In the Coal House, at the End of the Bed – by Liz McSkeane

In the Coal House, at the End of the Bed

 

Why do women cry?

Can anybody tell me why

do women cry? I’ll tell you.

They cry because

they cry because

they cry

 

now I’m a tree straight and tall in the breeze.

Do I look like a tree?

Do you like them?

I love them.

 

Sometimes I think I don’t have God in my life.

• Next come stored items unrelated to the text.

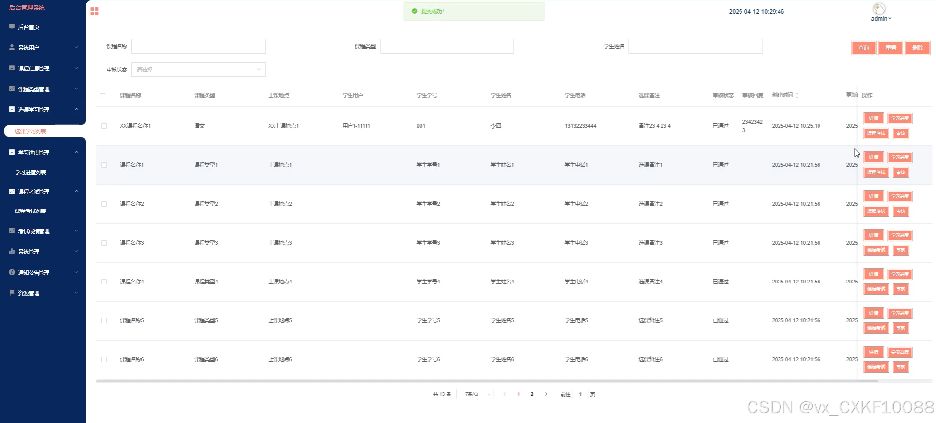 课程信息管理:集中管理和更新所有课程的基本信息,如课程名称、描述、学分等,确保课程资料准确无误,便于学生查询和选择。
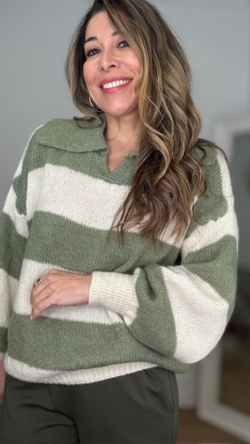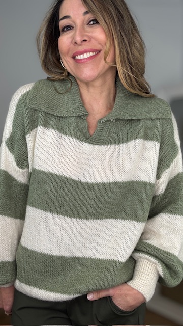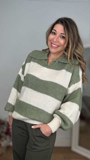 Jersey estilo polo con estampado de rayas en color verde caza y beige. Talla única válida desde la 36 hasta la 44.
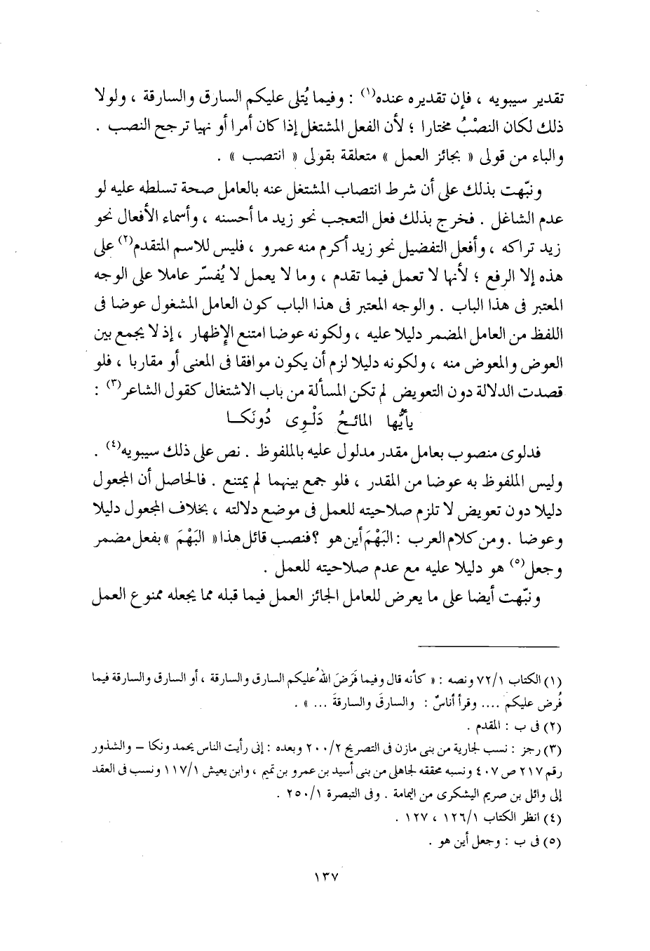 وليس الملفوظ به عوضا من المقدر، فلو جمع بينهما لم يمتنع، فالحاصل أن المجعول دليلا دون تعويض لا تلزم صلاحيته للعمل في موضع دلالته، بخلاف المجعول دليلا وعوضا. ومن كلام العرب: البَهْمَ أين هو؟ فنصب قائل هذا "البَهْمَ" بفعل مضمر وجعل هو دليلا عليه مع عدم صلاحيته للعمل.

I look and look and sometimes he just isn’t there.

I say to him, howaya, God

I can’t see you

‘cause God is in the coal house

they told me God

is in the coal house

is God.

 

Sometimes I don’t have God in my life

Sometimes I don’t have my bus fare

and then I’m afraid

I’m afraid of being alone.

 

Sometimes I look inside my head to see

sometimes I look inside my head and find

there’s no one there

because I’m on the breeze

because I never learned to be.

 

So instead I thought of two possible answers.

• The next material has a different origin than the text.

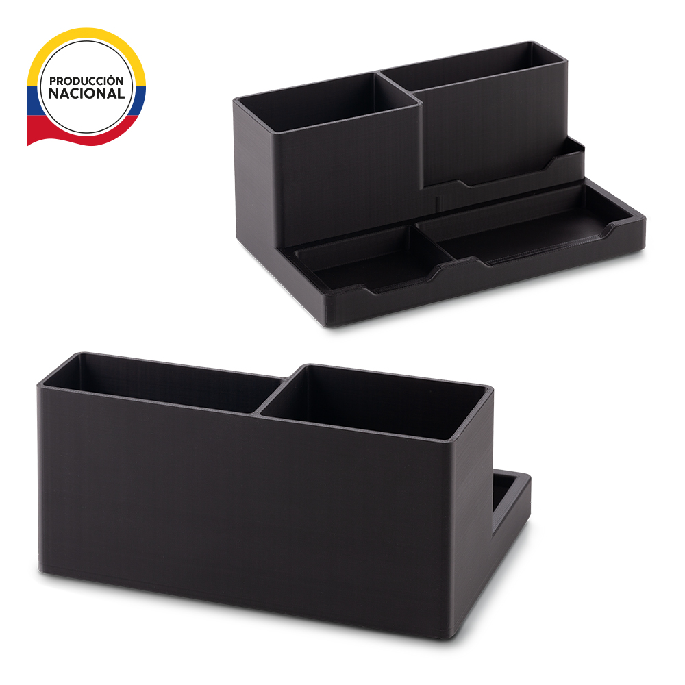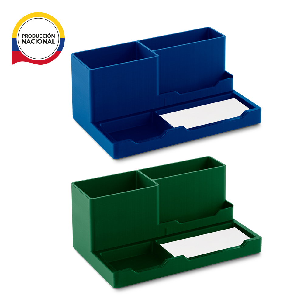 Organizador de escritorio plástico. Incluye taco de papel de 100 hojas. Medidas: 18 cm x 12 cm x 8.8 cm. Marca: 4 cm / Tampografía.

God gives or else He gives away.

O God, He gives all right.

He gives life and He gives it

away.  Quick. Very quick.

 

So one day I says to God,

God, as a matter of interest, do you

believe in me?

Know what He said?

Straight out?

Son, says God to me, down at the end of the bed,

to tell you the truth

I don’t     I don’t believe in you at all.

 

Just like that.

 

I love You, God

I love

 

Why are women cowards?

Can anybody tell me?

They’re cowards because they never show themselves.

 

Why don’t you show yourself?

I showed myself

 

but sometimes I don’t have my bus fare

and God is in the coal house

so they told me

God is in the coal house.

Know what God?

You’re an awful auld bollocks.

 

 

From In Flight, Belfast: Lapwing Publications (1995)

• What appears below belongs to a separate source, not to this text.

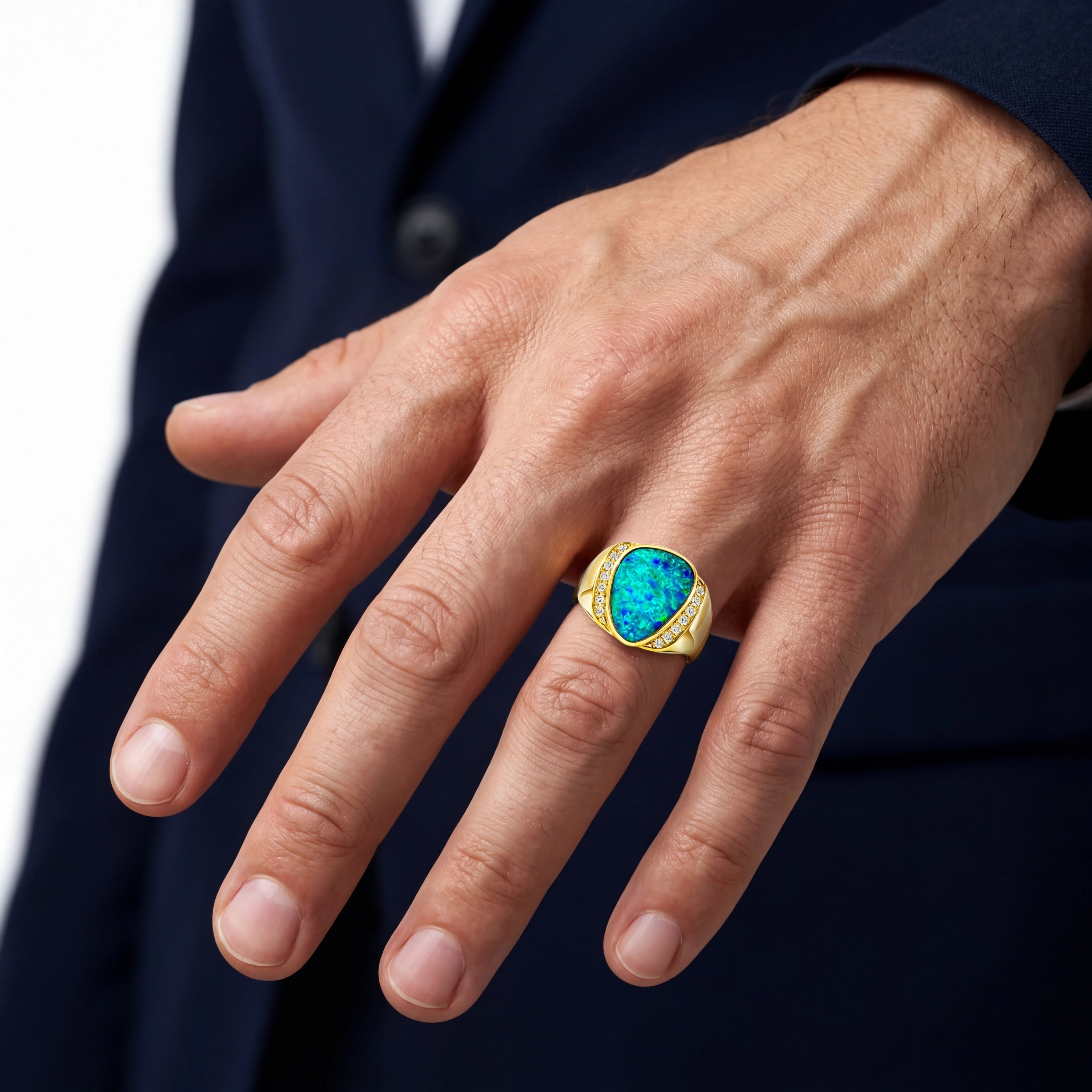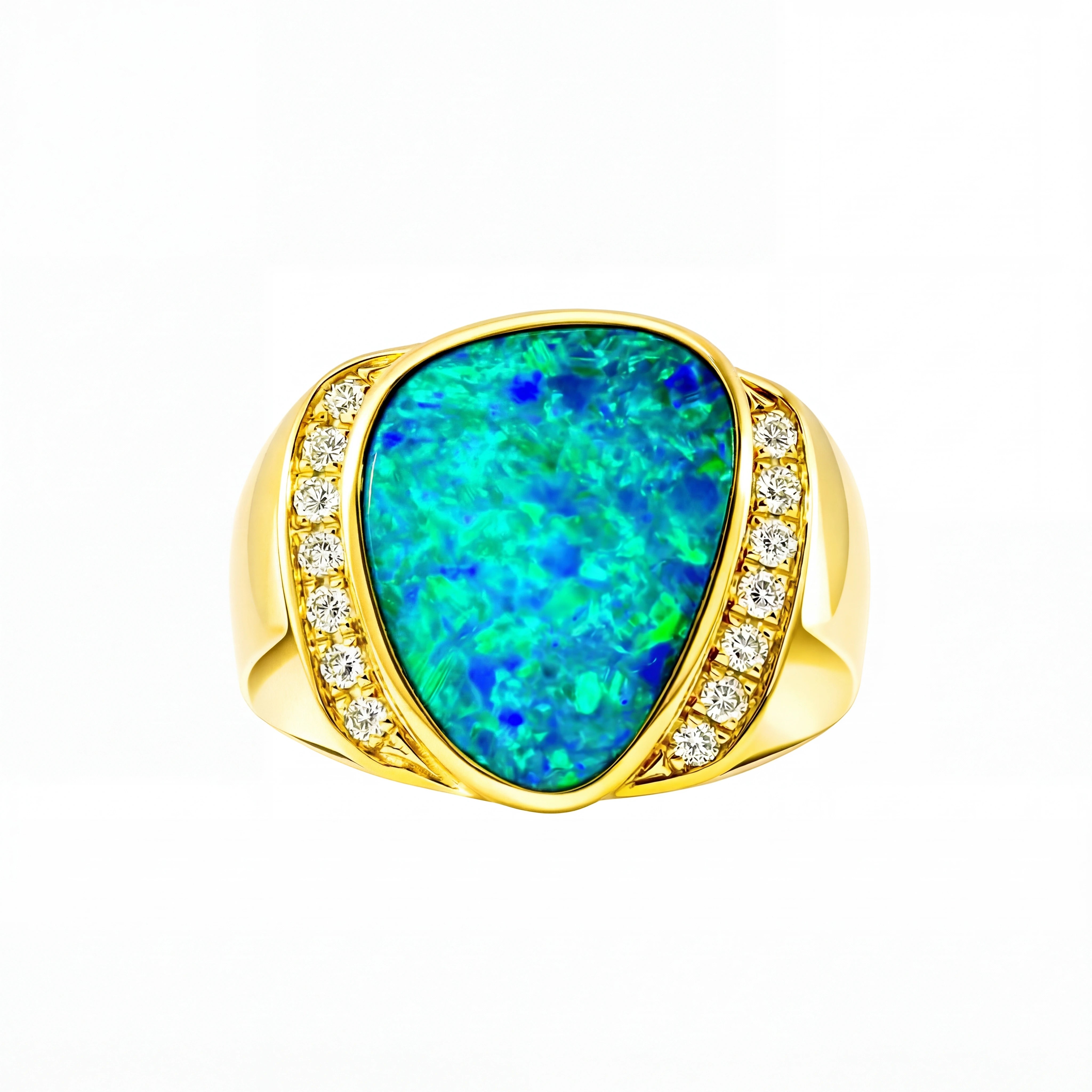 Doublet Opal Men's Ring in 14K Yellow Gold - Multicolour

Liz McSkeane is a poet and short story writer whose work has been published in many journals and anthologies. She has published two books of poetry: In Flight (Lapwing, 1995), and Snow at the Opera House (New Island, 2002). In 1999 she won the Sunday Tribune/Hennessy New Irish Writer of the Year award. She is currently writing a novel about the life of St. John of the Cross.